Hope you have a good day with your husband and patient.
Sincerely yours,
Nancy French
Alberta Canada
caregiver to Robert
Dear Susan, your poem moved me to tears. It is exactly how I feel about this beast that has taken over my life. I just want my life back. I hate being sick and feeling dependant on my loved ones. I hate hate hate this disease and it is a beast or worse! Carol from MI
I found your poem achingly beautiful, and I am sure that others will feel the same way. I think folks “get into trouble” when they post something controversial or pretend to be an authority or insult someone else. You’ve done none of this; indeed I imagine folks are printing out your poem so that they know that someone else understands their ordeal.
Take care,
BoogieBarb
Dear Susie,
This beautiful, heartfelt poem Words penned by you and words of wisdom from others are rich gifts from people who know and feel and care like all the rest of us. They inspire us, they motivate us, they give us pause and offer meditation – each is uniquely spun around your life so we can see how MM has affected and changed the way you live, think, work, play and love. And that’s how we learn to deal with this beast – and I call it that too. Anything that brutalizes our bones, organs and body the way this MM does, deserves the lowly title of beast!

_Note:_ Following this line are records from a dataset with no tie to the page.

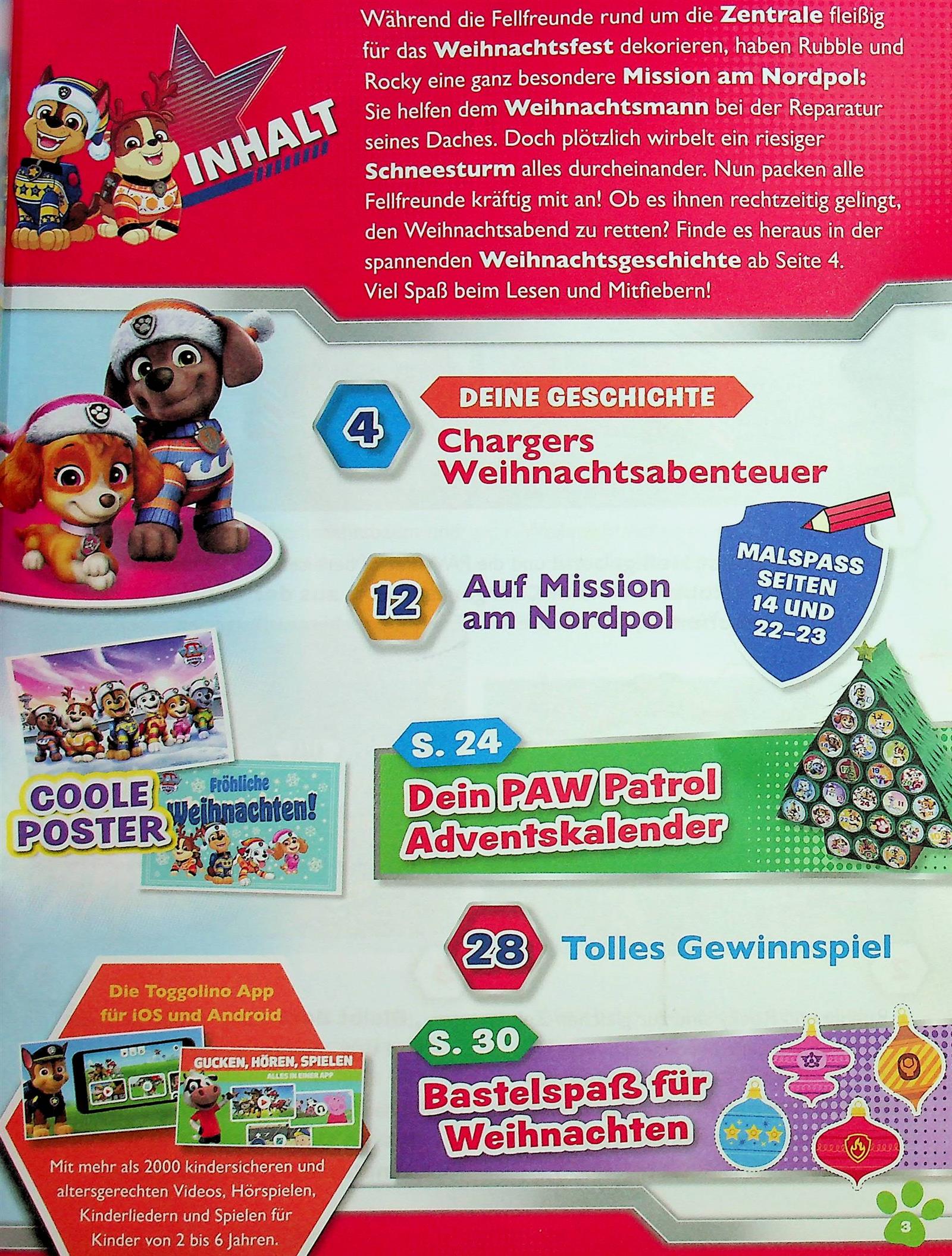 Diese Ausgabe enthält eine spannende Weihnachtsgeschichte rund um Chargers Abenteuer sowie eine Mission der Fellfreunde am Nordpol. Dazu gibt es bunte Malspaß-Seiten, ein großes Weihnachts-Poster und einen eigenen PAW-Patrol-Adventskalender. Ein tolles Gewinnspiel lädt zum Mitmachen ein, und kreative Bastelideen sorgen für zusätzlichen Weihnachtsspaß. Viel Spaß beim Entdecken!
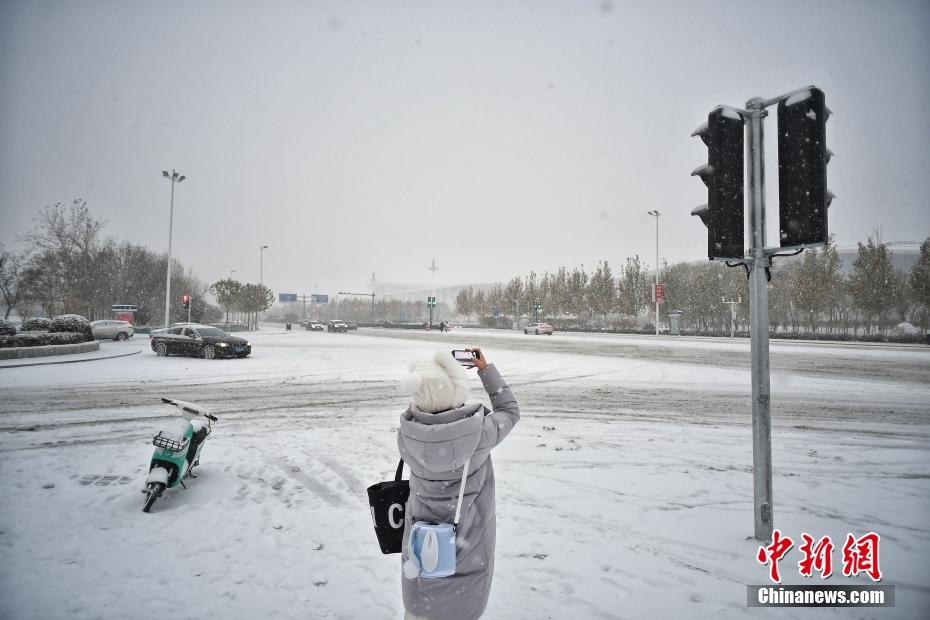 12月14日,天津,市民在街邊拍攝雪景。當日,中央氣象臺升級發(fā)布寒潮橙色預警,這是最高級別的寒潮預警,也是今冬首個寒潮橙色預警。中新社記者 佟郁 攝
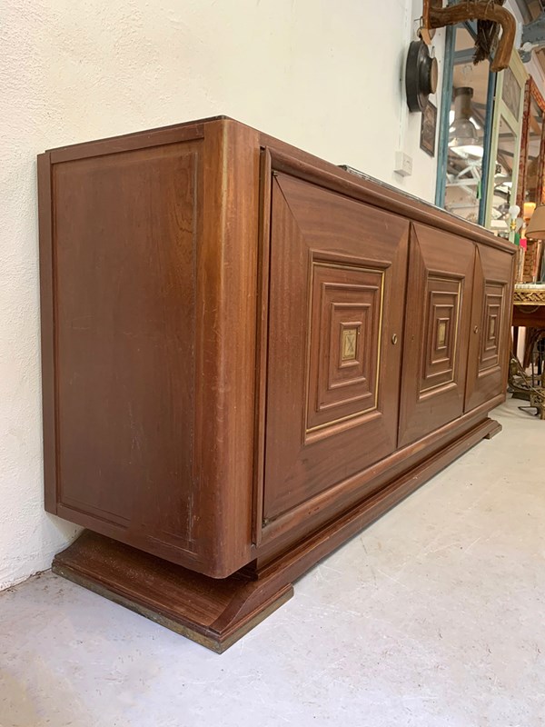 A striking, and large scale, 1940s mahogany sideboard, in the manner of furniture designer, Maxime Old.

Always wishing the very best to you and Hamada – I’m on your team – go, go, go!!
With Love,
Lora
Dearest Susie,
You know how much your poems mean to me … they say so beautifully what I am feeling as we travel the MM caregiver road together. I’ve always referred to MM as the “beast” and I even have a picture of it in my minds-eye. While Vern was in remission, I sensed it laying in wait over in the corner, its nostrils flaring as it breathed in and out, just waiting for the opportunity to come roaring back into our lives … and that it did.
I keep both you and Hamada in my thoughts as you deal with this new treatment. Velcade has been good for Vern – at initial treatment and again at relapse – and I pray that it will bring Hamada to remission.
Love,
Dianne
So well said as usual, Susie. I got several positive emails from my ACOR post, and if I get some negatives, who cares?
Hey Susie! So glad that Hamada is holding up despite the cold! I hate it when Dave gets one, but am always heartened that he seems to be able to fight it. Everything is doubled edged with this MM! Poem is terrific and so true!
Love, Lori
I’ve recently started a blog, the information you provide on this site has helped me tremendously. Thank you for all of your time & work.